Diffusion Model for Manifold Data: Score Decomposition, Curvature, and Statistical Complexity
This work provides foundational statistical insights for generative modeling on manifolds, advancing theory for diffusion models in structured data applications.
The paper tackled the theoretical understanding of diffusion models for high-dimensional data on low-dimensional structures, revealing that statistical rates for score estimation and distribution learning are governed by the intrinsic dimension and manifold curvature.

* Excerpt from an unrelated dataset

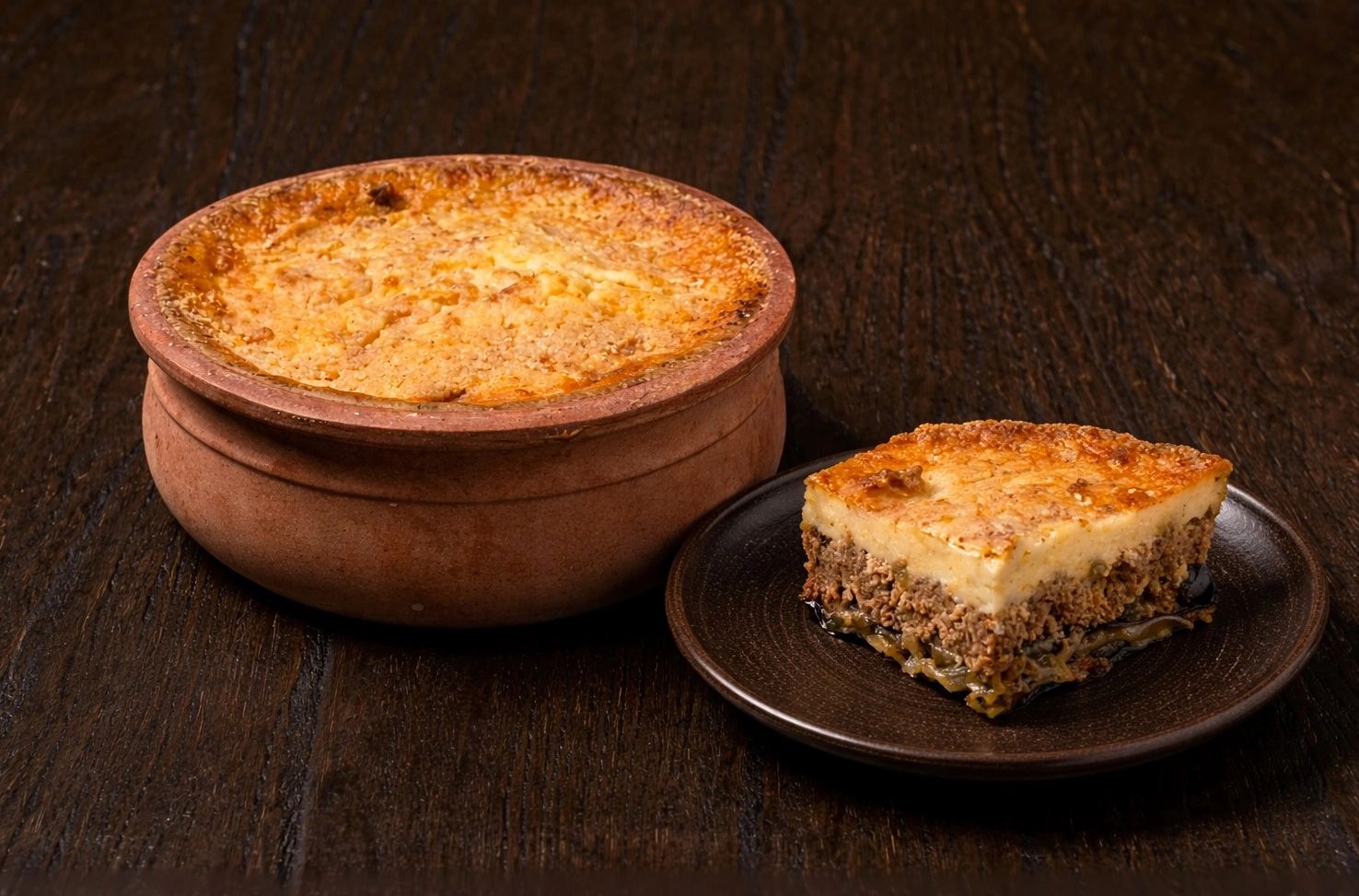 ΣΥΣΤΑΤΙΚΑ: Μπεσαμέλ, μελιτζάνες, πατάτες, χοιρινός και μοσχαρίσιος κιμάς.

Diffusion models have become a leading framework in generative modeling, yet their theoretical understanding -- especially for high-dimensional data concentrated on low-dimensional structures -- remains incomplete. This paper investigates how diffusion models learn such structured data, focusing on two key aspects: statistical complexity and influence of data geometric properties. By modeling data as samples from a smooth Riemannian manifold, our analysis reveals crucial decompositions of score functions in diffusion models under different levels of injected noise. We also highlight the interplay of manifold curvature with the structures in the score function. These analyses enable an efficient neural network approximation to the score function, built upon which we further provide statistical rates for score estimation and distribution learning. Remarkably, the obtained statistical rates are governed by the intrinsic dimension of data and the manifold curvature. These results advance the statistical foundations of diffusion models, bridging theory and practice for generative modeling on manifolds.